Большая семья - [109]

Шрифт
Интервал

Матвей Сидорович, сжав бороду в кулаке, сказал:

— Что ж, ребятки, кончаем с парами. Денька три еще поковыряемся — и шабаш!

— А что потом? — спросил парень в полосатой кацавейке и картузе с оторванным козырьком.

— Потом сено возить будем, — ответил Матвей Сидорович. — А там — хлеба подойдут. Те, которые из вас постарше и покрепче в силе, — косарями пойдут.

Ребята заспорили, загалдели. Каждый, оказывается, был и старше другого и превосходил его силой. Матвей Сидорович слушал молча, хитро сощурив глаза, и, звонко чмокая губами, тянул дым из трубки.

Яков Пронин, которого за крепость и выносливость звали Пудовиком, толкнул Дмитрия Медведева в бок и с ехидцей сказал:

— А тебя определенно не возьмут в косари.

— Это почему же? — возмутился Дмитрий.

— Куда тебе. Мал, как сверчок.

— Уж ты большой. Пудовик! Годов тебе-то столько ж, сколько и мне.

— Может, не столько.

— А сколько же?

— На целых полгода больше! — важно заявил Яков. — А сейчас, брат ты мой, это много стоит!..

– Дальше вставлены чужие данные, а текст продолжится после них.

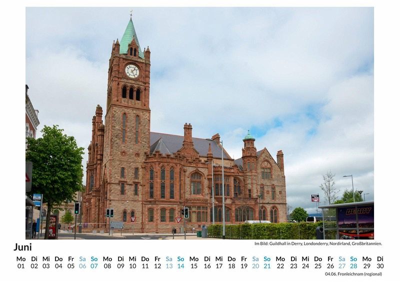 Entdecken Sie die faszinierende Stadt Derry in Nordirland mit unserem hochwertigen Wandkalender! Lassen Sie sich Monat für Monat von 12 atemberaubenden Motiven verzaubern, die die einzigartige Geschichte, Kultur und Landschaft dieser charmanten Stadt einfangen. Gedruckt auf lichtbeständigem Bilderdruckpapier, garantieren die brillanten Farben langanhaltende Freude. Unser Kalender wird in Deutschland auf FSC-zertifiziertem Papier produziert - für eine nachhaltige und umweltfreundliche Wahl. Perfekt als Geschenk oder für Ihr eigenes Zuhause, bringt dieser Kalender die Schönheit Derrys direkt an Ihre Wand. Sichern Sie sich jetzt Ihr Exemplar und erleben Sie Derry das ganze Jahr über! Hochwertig Erleben Sie ein Jahr voller Eleganz mit unserem Premium-Fotokalender. Jedes der 12 Motive ist auf hochwertigem, lichtbeständigem Bilderdruckpapier gedruckt, um die Lebendigkeit jedes Bildes zu bewahren. Die robuste Spiralbindung gewährleistet Langlebigkeit und einfache Handhabung. Nachhaltig Unser Engagement für die Umwelt spiegelt sich in jedem Exemplar wider. Durch die Produktion auf Abruf reduzieren wir signifikant unseren Abfall. Wir verwenden ausschließlich umweltfreundliches, FSC-zertifiziertes Papier. Stolz gefertigt in Deutschland, achten wir bei unserer Logistik auf Klimaschutz, um unseren ökologischen Fußabdruck zu minimieren. Das ideale Geschenk Dieser Kalender ist das perfekte Präsent für jeden Anlass - ob Weihnachten, Geburtstage oder einfach als liebevolle Aufmerksamkeit zwischendurch. Geeignet für Freunde, Familie, Kinder und Erwachsene gleichermaßen, bereichert er jedes Zuhause mit seiner Vielfalt und Schönheit, unabhängig vom Alter der Beschenkten.

— Ничего не стоит, — отрезал Дмитрий. — Сейчас не по годам, а по ребрам считают.

Ребята вытянули шеи, навострили уши.

— А ежели по ребрам, то сколько вас таких на фунт сушеных? — с явным вызовом сказал Яков.

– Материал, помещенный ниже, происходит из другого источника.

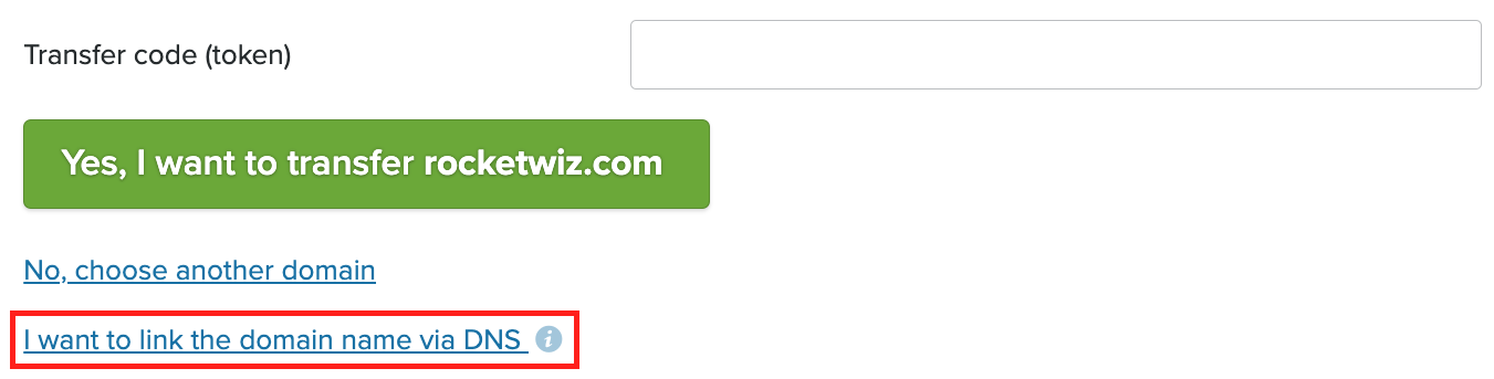 Du vil da bli spurt om du ønsker å skrive inn en overføringskode. Klikk på Jeg ønsker å koble domenenavnet via DNS.
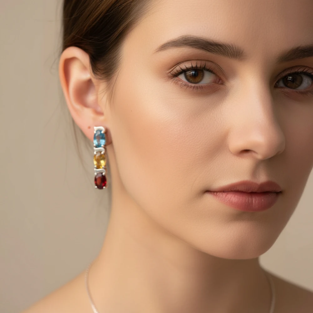 The Tri-Gem Radiance Drop Earrings showcase a graceful vertical arrangement of three vibrant natural gemstones — shimmering Blue Topaz, warm Citrine, and deep Garnet — creating a captivating gradient of colour and brilliance. Each stone is expertly faceted to catch the light beautifully, offering a refined sparkle with every movement.

— А ты попробуй, узнаешь, почем дули, — принимая вызов, ответил Дмитрий.

Яков встал, поднялся и Дмитрий. За ними, как по команде, вскочили все ребята. У костра остался только Матвей Сидорович. В молодости он был первым кулачником — не пропускал ни одного боя. Он и теперь еще всерьез считал кулачные бои делом полезным: для развития у ребят смелости, ловкости и выносливости.

«Пускай пошлепаются, — думал он. — Злей будут. А то что ж это за человек, ежели он за себя постоять не может? Курица это, а не человек…»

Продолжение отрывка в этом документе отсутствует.